Iran diplomat summoned by UK over journalist threat claims
Iran's most senior diplomat in Britain has been summoned by the Foreign Office after alleged threats were made against journalists living in the UK.
At least two journalists working at UK-based opposition TV station, Iran International, have been warned by police of a "threat to their lives".
Foreign Secretary James Cleverly said "intimidation of any kind" towards the press would not be tolerated.
Iran has dismissed the accusation as ridiculous.
The regime has arrested and detained 40 journalists in Iran following ongoing protests across the country over the death of 22-year-old Mahsa Amini in September.
Mr Cleverly accused the regime of "the suppression of freedom of expression and the targeting of media outlets operating in Iran".
Iran's charge d'affaires, Mehdi Hosseini Matin, was summoned to the Foreign Office on Friday afternoon, after Iran International, a Persian-language news channel, said two of its team had been notified of threats towards them..
"I summoned the Iranian representative today to make clear that we do not tolerate threats to life and intimidation of any kind towards journalists, or any individual, living in the UK," said Mr Cleverly.
At least two journalists have been warned by the Metropolitan Police of "a credible, significant and imminent threat to their lives" after a hostile Iranian reconnaissance unit was reportedly seen outside their homes and offices.
Iran International said: "The UK Met Police have now formally notified both journalists that these threats represent an imminent and significant risk to their lives and those of their families."
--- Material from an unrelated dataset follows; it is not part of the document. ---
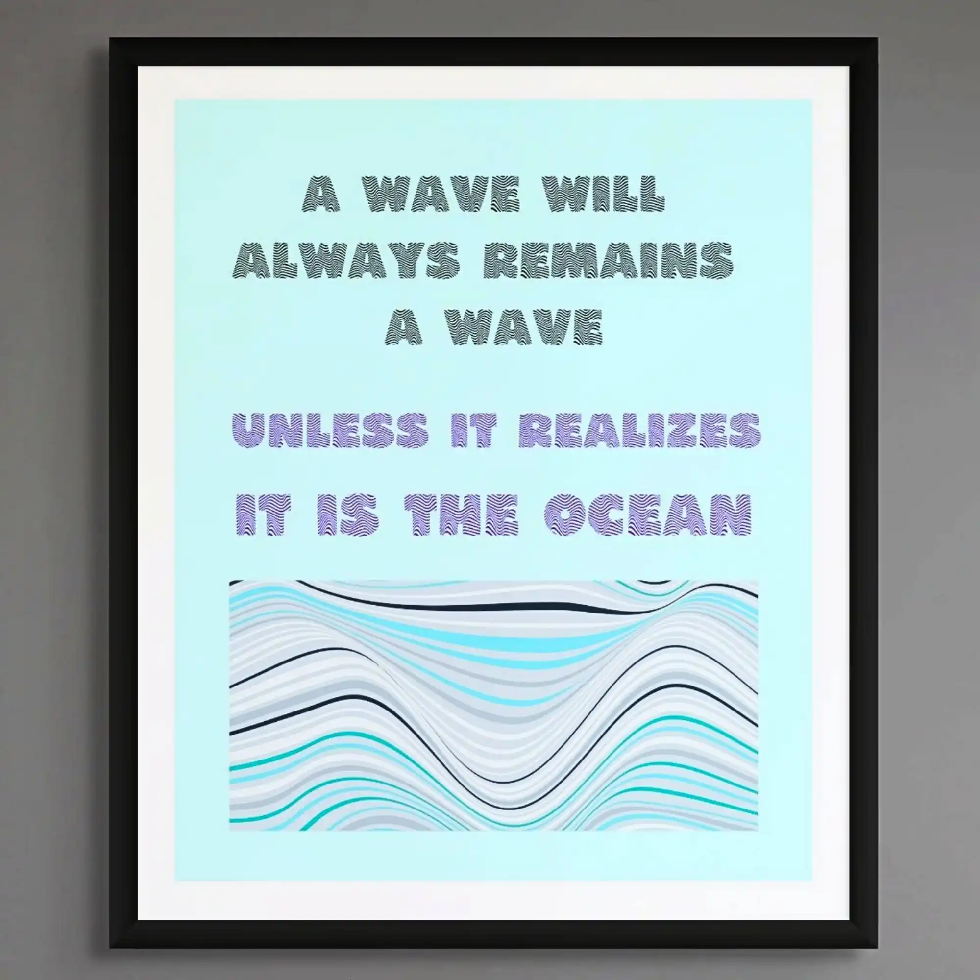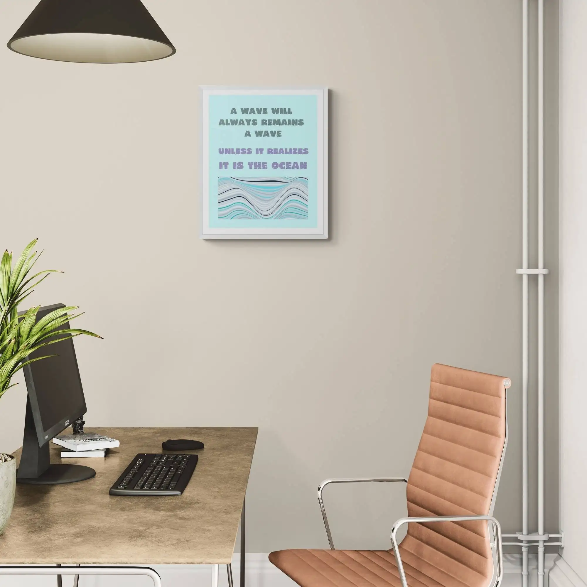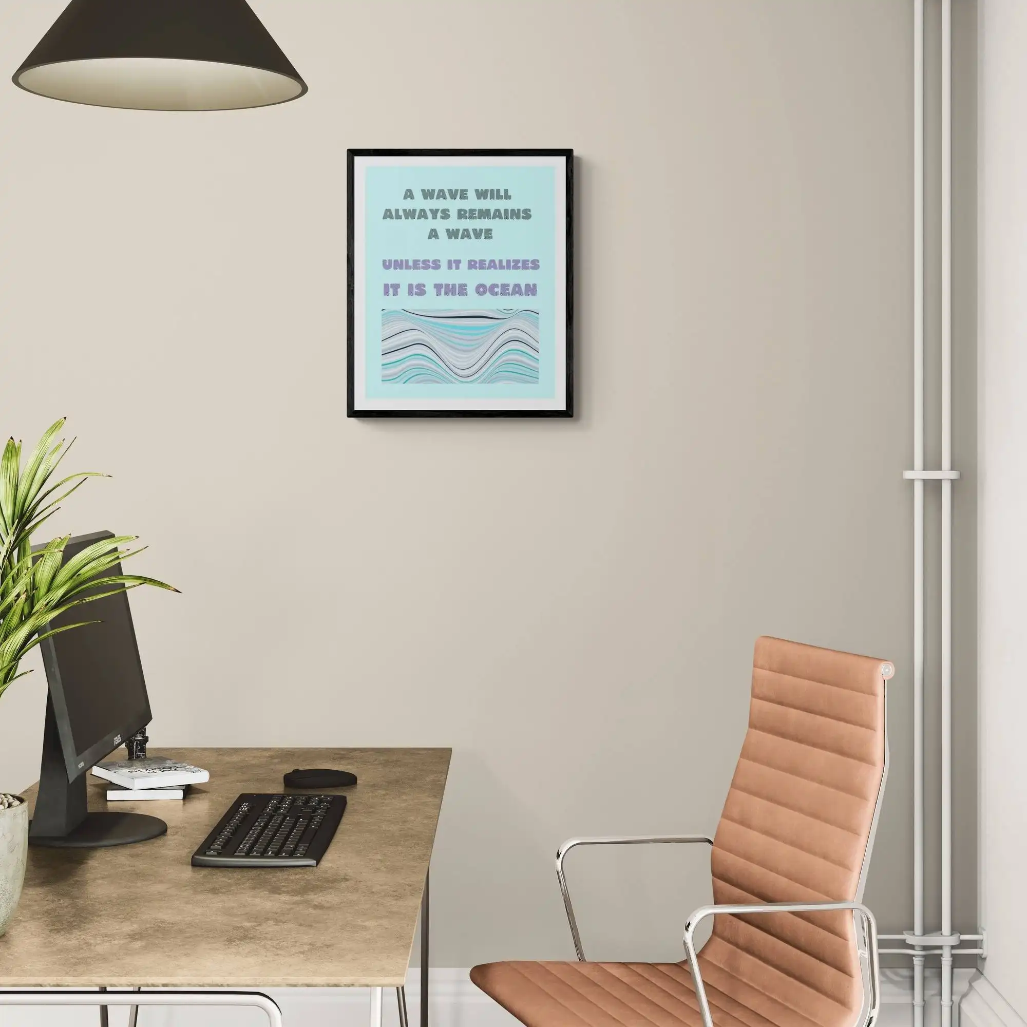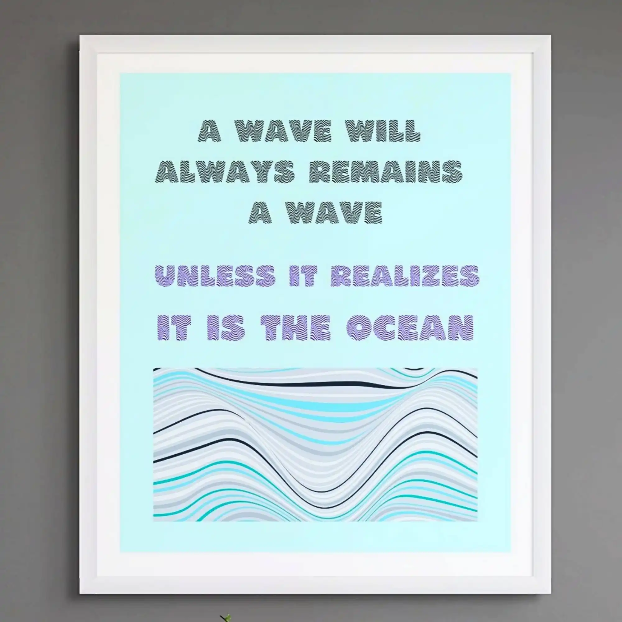 This quote is a reminder that you are capable of more than you imagine. Reflect on the profound metaphor of the wave and the ocean with this thought-provoking framed art. A beautiful reminder to connect with your inner depth and realize your true potential.

It added that other staff members have "also been informed directly" by the Met of "separate threats".
Iran has dismissed the accusation as ridiculous but a senior Iranian official has referred to Iran International as a terrorist organisation, accusing it of stirring up protests in Iran and threatening national security, says BBC security correspondent Frank Gardner.
The Met Police have contacted several UK-based journalists over the last few years after receiving credible information about a threat to their lives, according to the Foreign Office.
Ms Amini was arrested on 13 September by morality police in Tehran for allegedly breaking the country's strict dress code. She fell into a coma shortly after collapsing at a detention centre and died three days later in hospital.
Protests erupted following her death, with hundreds of people reported to have died as the country's security forces clamp down on the unrest.
Last month the UK imposed sanctions on Iran's morality police and other top security figures, in response to the country's violent crackdown on protesters.